Although the little boy was unconscious, he was alive, and was rushed to the hospital.
Brewer met the family there and heard the doctors bleak prognosis, which included the words “brain damage” and “brain dead.” Brewer said the doctors estimated the boy had been underwater for around 20 minutes.
But three days later, after spending all of that time at the bottom of Lake Norman, and against all odds, the boy woke up.
“He just opened his eyes like he’d been asleep and woken up,” Brewer recalled. “There wasn’t a thing wrong with him.”
His name was Jeremy, and he was just five years old. During his hospital stay, he and Brewer became fast friends -- sharing milkshakes and getting to know each other.
There’s one moment in particular about that time that still sticks with Brewer.
"I walked in one day and his mama stopped me and said, 'It’s Jeremy. He just tried to climb out of the window because he said he saw an angel.”
When Brewer tells this part of the story, he smiles from ear to ear. For him, it was another sign that the chain of events he was experiencing, was no coincidence.
Eventually, Jeremy recovered and the two parted ways. Life went on, as it does, but Brewer never forgot the little boy who’d touched his life in such a profound way. Through the years, he lost the child’s name and thought that meant finding Jeremy would be impossible.
But it turns out, Jeremy was closer than Brewer could have ever imagined.
In August, at the funeral for the man who taught him how to be a lifeguard all those years ago, Brewer began to tell the story about how, without those skills, he never would have been able to save the lives of a little girl named Dena, and a little boy whose name had slipped his mind.
“My nephew, Scotty, looked up at me and said, ‘Uncle Jimmy! Uncle Jimmy!’ And I said, ‘What, Scotty?’ He said, 'That’s Jeremy!” Brewer said.
It turns out, Scotty met Jeremy in HVAC school more than 10 years ago. Scotty decided to open his own company and hired Jeremy as part of his team. The two have been best friends ever since.
“He comes over to my house every day and comes to family functions with us,” Scotty explained. “After all these years, bam! There’s Jeremy and my Uncle Jimmy.
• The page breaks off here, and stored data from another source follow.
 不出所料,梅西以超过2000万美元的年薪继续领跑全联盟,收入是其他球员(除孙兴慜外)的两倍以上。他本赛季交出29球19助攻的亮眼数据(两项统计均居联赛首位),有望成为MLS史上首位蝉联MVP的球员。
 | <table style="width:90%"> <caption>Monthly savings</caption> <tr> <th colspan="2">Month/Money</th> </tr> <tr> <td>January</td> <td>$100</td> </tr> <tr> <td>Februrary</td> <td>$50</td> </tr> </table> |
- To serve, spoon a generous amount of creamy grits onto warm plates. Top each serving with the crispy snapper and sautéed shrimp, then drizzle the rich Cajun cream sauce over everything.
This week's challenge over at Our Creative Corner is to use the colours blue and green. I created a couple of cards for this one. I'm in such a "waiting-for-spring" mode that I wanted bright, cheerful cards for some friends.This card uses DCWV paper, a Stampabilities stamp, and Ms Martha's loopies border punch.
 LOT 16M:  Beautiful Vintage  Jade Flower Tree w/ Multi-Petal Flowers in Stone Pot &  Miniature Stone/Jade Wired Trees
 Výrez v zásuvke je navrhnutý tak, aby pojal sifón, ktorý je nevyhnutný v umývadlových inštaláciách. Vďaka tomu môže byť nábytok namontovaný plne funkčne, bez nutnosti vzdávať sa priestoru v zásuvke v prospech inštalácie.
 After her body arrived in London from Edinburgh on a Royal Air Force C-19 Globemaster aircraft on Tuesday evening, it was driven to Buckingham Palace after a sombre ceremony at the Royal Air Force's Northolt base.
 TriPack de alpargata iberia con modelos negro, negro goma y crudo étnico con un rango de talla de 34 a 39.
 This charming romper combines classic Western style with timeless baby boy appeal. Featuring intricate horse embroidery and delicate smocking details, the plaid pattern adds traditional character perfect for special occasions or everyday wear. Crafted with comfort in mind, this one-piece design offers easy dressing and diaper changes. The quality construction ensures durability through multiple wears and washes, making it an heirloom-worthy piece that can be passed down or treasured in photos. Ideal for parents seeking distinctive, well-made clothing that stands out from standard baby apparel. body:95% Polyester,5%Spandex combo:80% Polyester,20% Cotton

Without him, Jeremy would have been gone.”
Channel 9 was there as Jeremy and Brewer went back to the cove together, for the first time since that near-drowning. Jeremy said he has no memory of it.
“It’s just gone,” Jeremy explained. “[My family] didn’t talk about it much. Just, ‘You drowned. Lake Norman. End of story.’"
For the most part, he said he was able to live with that. After all, he said he’s lived a great life, with his wife and two kids. But he said a part of him has always wondered. Especially because of the one thing he’s always thought he remembered, that Brewer can now confirm.
“I saw an angel outside my hospital window,” Jeremy explained. “I can remember him looking in at me and I was just ready to go. I thought it was my time. I tried to go out the window after him and my family stopped me. My Aunt Sue had to tell the angel to leave, that I was not going, not yet.”
Perspective, gratefulness, friendship and faith are just a few of the things Jeremy and Jimmy hope you take away from their story. As for what -- or who -- was behind the unbelievable rescue and reunion, they said they know who to thank.
“Reading the story from the paper -- my life is better than I thought it was, if you want to know the truth,” Jeremy said. “I got an extra 35 years so far, of something I wouldn’t see or do. Then, I was working with his family and we didn’t even know. So, it doesn’t matter how long it takes, God got his ways to finally put it together and now we’re here. Now, Jimmy and me are going to be stuck together until one of us go.”